[DATA Boundary: Start]

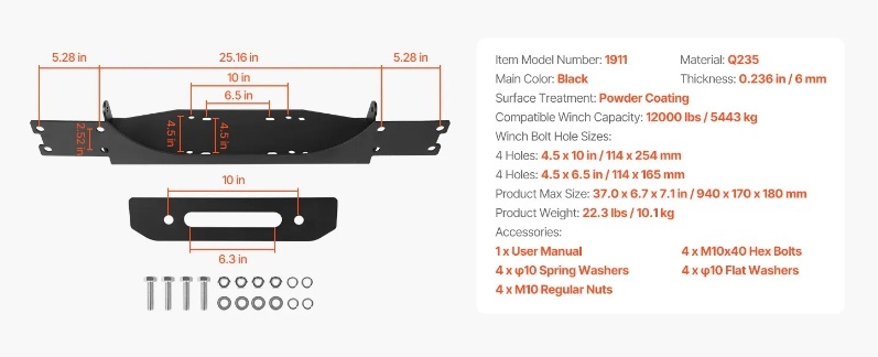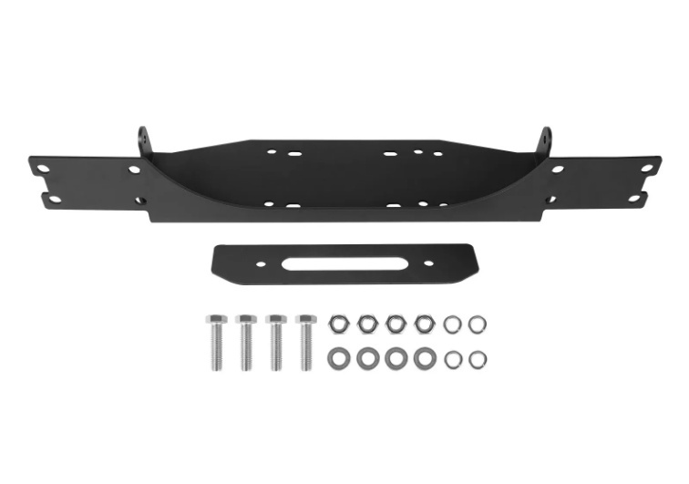 2 vinčas stiprinājuma caurumi: Piekabes vinčas stiprinājums atbalsta 4 caurumu standarta (4,5 x 10 collas) un 4 caurumu standarta (4,5 x 6,5 collas) caurumu konfigurācijas. Daudzpusīgais dizains ir piemērots lielākajai daļai standarta vinču, nodrošinot plašu saderību dažādām lietotāju vajadzībām.
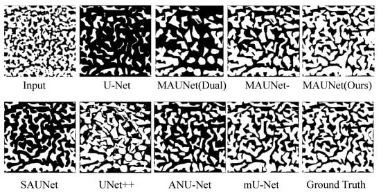 We present the results of ablation study in Table 4. From the results, it can be observed MAUNet(Dual) consistently outperforms U-Net on all metrics. This improvement is attributed to the dual-path attention. Using module FAE, MAUNet- increases the IoU by up to 0.228 points, which meets the expectations for the design in Section 3.1. With the help of common-used tricks, MAUNet could achieve slightly better performance than MAUNet-. Besides, we take a closer look at the ablation study in the first row of Figure 8. From empirical observation, MAUNet(Dual) could focus on the location of carbide when compared with U-Net. After introducing FAE module, we find that MAUNet- is more successful in fine detection of edges or the shape of carbide. Furthermore, the removal of overlapping strategy and other tricks used in MAUNet aids in refining the details of carbide, providing a closer segmentation result to the ground-truth. Therefore, we can safely draw the conclusion that our model offers more accurate results than other methods quantitatively and qualitatively.
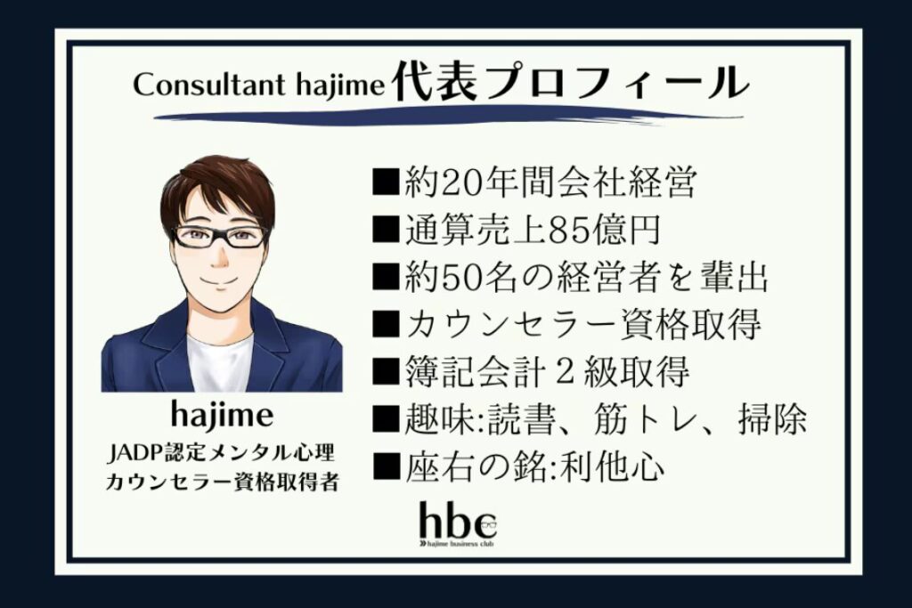 hajime氏プロフィール:30歳で起業し約20年間で、小売業や飲食業、美容業等の事業を展開し、通算売上高85億円、グループ累計250億円を達成!
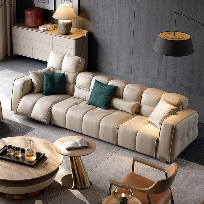 イタリアンミニマルデザインの多機能ソファ|高級感あふれる本革ソファ|別荘や高級リビングに最適なストレートコンビネーション電動ソファ|快適なひとときを提供します!
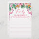 Add a heartfelt activity to your tropical baby shower with this Family Traditions keepsake card. Guests are invited to share a favorite childhood tradition, creating a beautiful collection of memories and advice for the new family. Featuring pink flamingos, watercolor florals, and palm leaves, this card perfectly complements a summer or luau-themed shower.
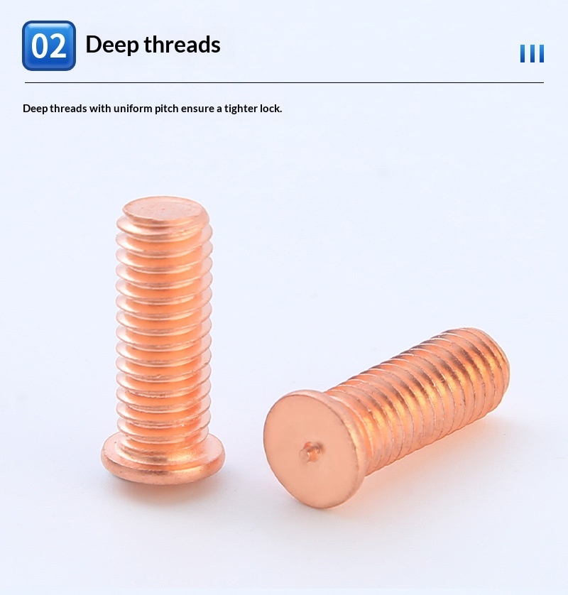Our standard welding screws are made of high-quality low-carbon steel with copper plating.

[DATA Boundary: End]

ABOUT THIS EXERCISE: Reproduce every entry exactly, but omit each picture.

TASK SOLUTION:
 2 vinčas stiprinājuma caurumi: Piekabes vinčas stiprinājums atbalsta 4 caurumu standarta (4,5 x 10 collas) un 4 caurumu standarta (4,5 x 6,5 collas) caurumu konfigurācijas. Daudzpusīgais dizains ir piemērots lielākajai daļai standarta vinču, nodrošinot plašu saderību dažādām lietotāju vajadzībām.
 We present the results of ablation study in Table 4. From the results, it can be observed MAUNet(Dual) consistently outperforms U-Net on all metrics. This improvement is attributed to the dual-path attention. Using module FAE, MAUNet- increases the IoU by up to 0.228 points, which meets the expectations for the design in Section 3.1. With the help of common-used tricks, MAUNet could achieve slightly better performance than MAUNet-. Besides, we take a closer look at the ablation study in the first row of Figure 8. From empirical observation, MAUNet(Dual) could focus on the location of carbide when compared with U-Net. After introducing FAE module, we find that MAUNet- is more successful in fine detection of edges or the shape of carbide. Furthermore, the removal of overlapping strategy and other tricks used in MAUNet aids in refining the details of carbide, providing a closer segmentation result to the ground-truth. Therefore, we can safely draw the conclusion that our model offers more accurate results than other methods quantitatively and qualitatively.
 hajime氏プロフィール:30歳で起業し約20年間で、小売業や飲食業、美容業等の事業を展開し、通算売上高85億円、グループ累計250億円を達成!
 イタリアンミニマルデザインの多機能ソファ|高級感あふれる本革ソファ|別荘や高級リビングに最適なストレートコンビネーション電動ソファ|快適なひとときを提供します!
 Add a heartfelt activity to your tropical baby shower with this Family Traditions keepsake card. Guests are invited to share a favorite childhood tradition, creating a beautiful collection of memories and advice for the new family. Featuring pink flamingos, watercolor florals, and palm leaves, this card perfectly complements a summer or luau-themed shower.
Our standard welding screws are made of high-quality low-carbon steel with copper plating.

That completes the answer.